Костюков, в отличие от агрессивного Куренкова, — разрушитель природы, то есть самой жизни. Таежник, романтик, первопроходец, (а работник он высококлассный) он — первый из тех, кто «натоптал» в Сибири так, что за ним «гонится отравленный заводами воздух», «мертвая от химикатов вода», «рождающиеся больные дети». Инстинкт тянет разрушителя туда, где «нетронутость» еще разливается, как «запах» (недаром Маканин со всей своей точностью называет его взгляд «алчным»). В Костюкове, несмотря на как бы подчеркнутую автором «человечность» («В конце концов, он — один из людей») со второго абзаца акцентированно заявлено и дьявольское: характеристика дьявола — хромота («Прихрамывая, он шел вдоль ручья…») и нес, мгновенно возникающий при этой хромоте («Ко мне! — крикнул он псу»). Отношения с природой, с окружающим миром, с женщинами (вот она, проверка русского человека — рандеву) у Костюкова столь же амбивалентны, как и его дьявольско-человеческая двойственность: «Если бы Костюкову, хотя бы и в шутку, сказали, что человечество в целом устроено таким образом, что разрушает оно именно то, что любит, и что в разрушении-то и состоит подчас итог любви… он бы, пожалуй, поверил и даже принял на свой счет как понятное».

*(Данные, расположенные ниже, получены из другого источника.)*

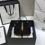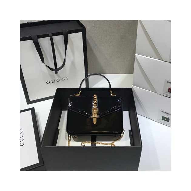 • 구찌 1969 실비 레더 미니 탑 핸들백 589479 에나멜 블랙

Первое: прихрамывающий разрушитель представительствует за все человечество.
Второе: парадоксалист Маканин выносит итог («вывод», мораль и т. п.) до начала собственно действия. Предваряет — как бы переворачивая известную конструкцию. Сначала — мораль, басня потом. Еще одна мораль следует чуть дальше по тексту: люди не желают видеть, «что они тут наворочали, и спешат туда, где можно (будто бы!) начать сначала. В этом вся их мудрость: если, мол, мы уйдем и забудем прошлое, глядишь, и прошлое отойдет в сторонку и забудет нас. Ан нет. Не получается».
Два этих предваряющих действие умозаключения связывают воедино пространство и время, передвижения но территории — и прошлое. Уезжать, убегать, исчезать — можно и из определенного пункта, и — освобождаясь вроде бы — из прожитого периода времени. Авторской оценки, кстати, в этих «моралите» нет. Вернее, почти нет: она заключена в скобках, в насмешливом «будто бы!» — и все. А умозаключения принадлежат вовсе даже не автору, а какому-то «умнику у костра» («если бы тот умник у костра») и самому Костюкову.
Рассказ же, после этой «обманки» с умозаключениями, не то что подтверждает или опровергает их (впрочем, Маканину вообще нравится начинать с умозаключения, затем развиваемого в сюжет или опровергаемого сюжетом), — а выводит к сущностям, где любые выводы будут несостоятельны. И даже бессмысленны.
Какие «выводы» и нравоучения могут быть сделаны но поводу поведения Клитемнестры? Или Менелая? Или Ореста?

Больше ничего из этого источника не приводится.